McSweeney resigned from Downing Street last month, saying: ‘The decision to appoint Peter Mandelson was wrong. He has damaged our party, our country and trust in politics itself… I advised the Prime Minister to make that appointment and I take full responsibility for that advice.’
As a result, his take on this week’s developments remains unclear.
Former Labour colleagues are meanwhile busy digging themselves into holes. At the weekend, Communities Secretary Steve Reed told LBC radio that the phone had been stolen ‘well in advance of anything happening about Mandelson… Maybe even a year before.’

Health Secretary Wes Streeting explained the situation as a ‘cock up rather than conspiracy’
That was, of course, untrue, prompting SNP leader Stephen Flynn to refer Reed to the PM’s ethics adviser, asking: ‘Why did he lie?’
Health Secretary Wes Streeting was meanwhile handed the poisoned chalice of doing yesterday’s media round.
‘I can totally understand the cynicism in these sorts of cases,’ he conceded, before insisting that the loss of the Mandelson messages was nonetheless ‘a cock-up rather than a conspiracy’.

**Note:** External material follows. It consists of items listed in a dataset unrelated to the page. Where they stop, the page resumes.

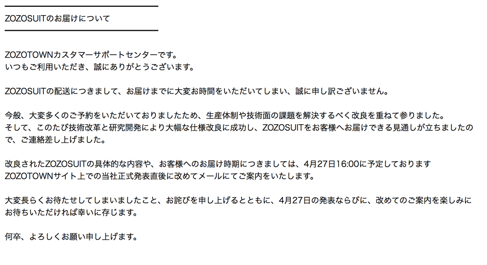 ZOZOSUITの発送時期につ…
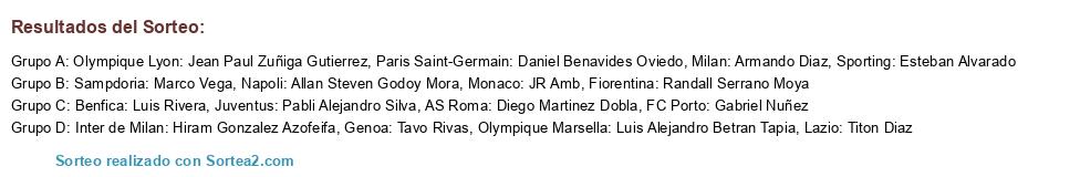 Lista de participantes: Fiorentina: Randall Serrano Moya, Inter de Milan: Hiram Gonzalez Azofeifa, Juventus: Pabli Alejandro Silva, Lazio: Titon Diaz, Milan: Armando Diaz, Napoli: Allan Steven Godoy Mora, AS Roma: Diego Martinez Dobla, Genoa: Tavo Rivas, Sampdoria: Marco Vega, Paris Saint-Germain: Daniel Benavides Oviedo, Olympique Lyon: Jean Paul Zuñiga Gutierrez, Olympique Marsella: Luis Alejandro Betran Tapia, Monaco: JR Amb, FC Porto: Gabriel Nuñez, Benfica: Luis Rivera, Sporting: Esteban Alvarado.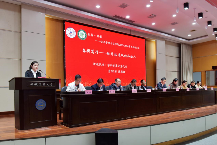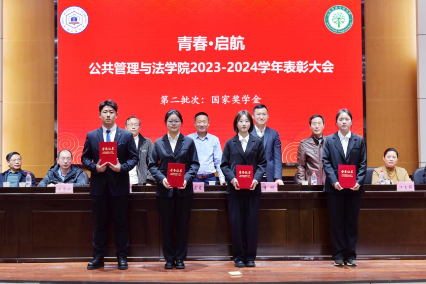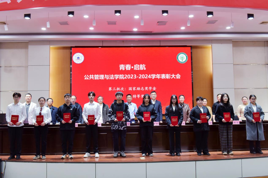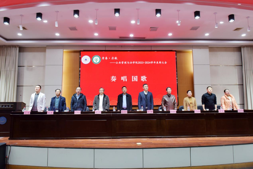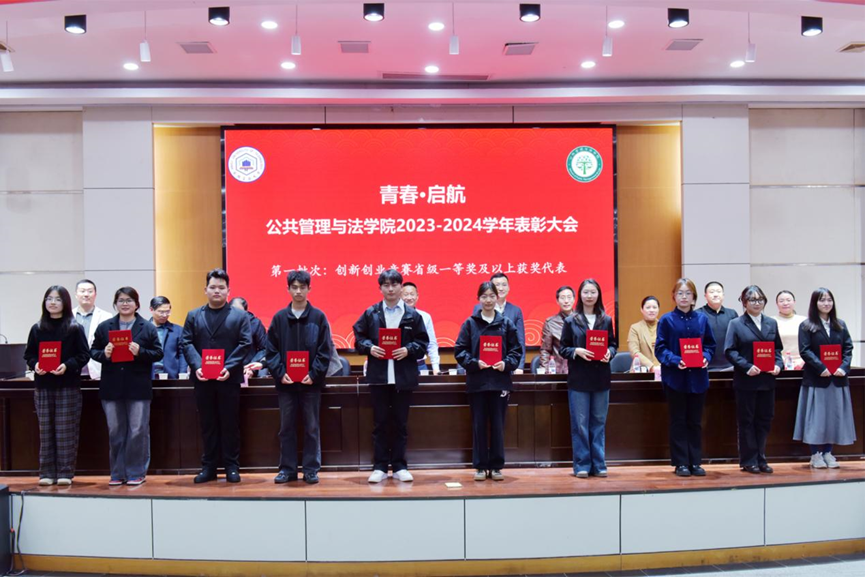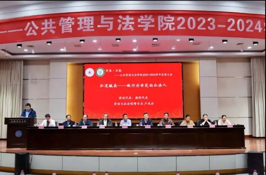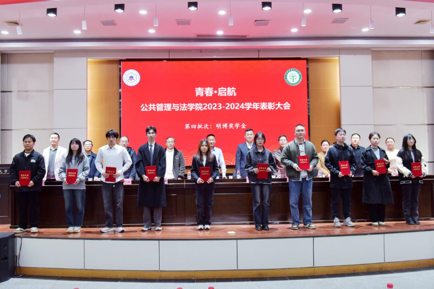 于佳山校区学术会议中心四楼报告厅隆重举行“青春·启航”——2023-2024学年年度表彰大会。公共管理与法美高梅娱乐城

Labour hasn’t always been so forgiving when ministers manage to mislay old WhatsApp communications.
Back in 2023, it emerged that Boris Johnson was unable to access an old phone containing messages he’d exchanged in 2020 and had been asked to provide to the Covid Inquiry.
It led to a furious political row, with Keir Starmer’s then deputy Angela Rayner accusing the Conservatives of ‘a desperate attempt to withhold evidence,’ adding: ‘The public deserve answers, not another cover-up.’
Some might argue that Ms Rayner’s silence over the McSweeney affair reeks of hypocrisy. Others might call it sensible politics.
But she was right about at least one thing: unless the public starts to get some proper answers, the mystery of the missing iPhone will rumble on.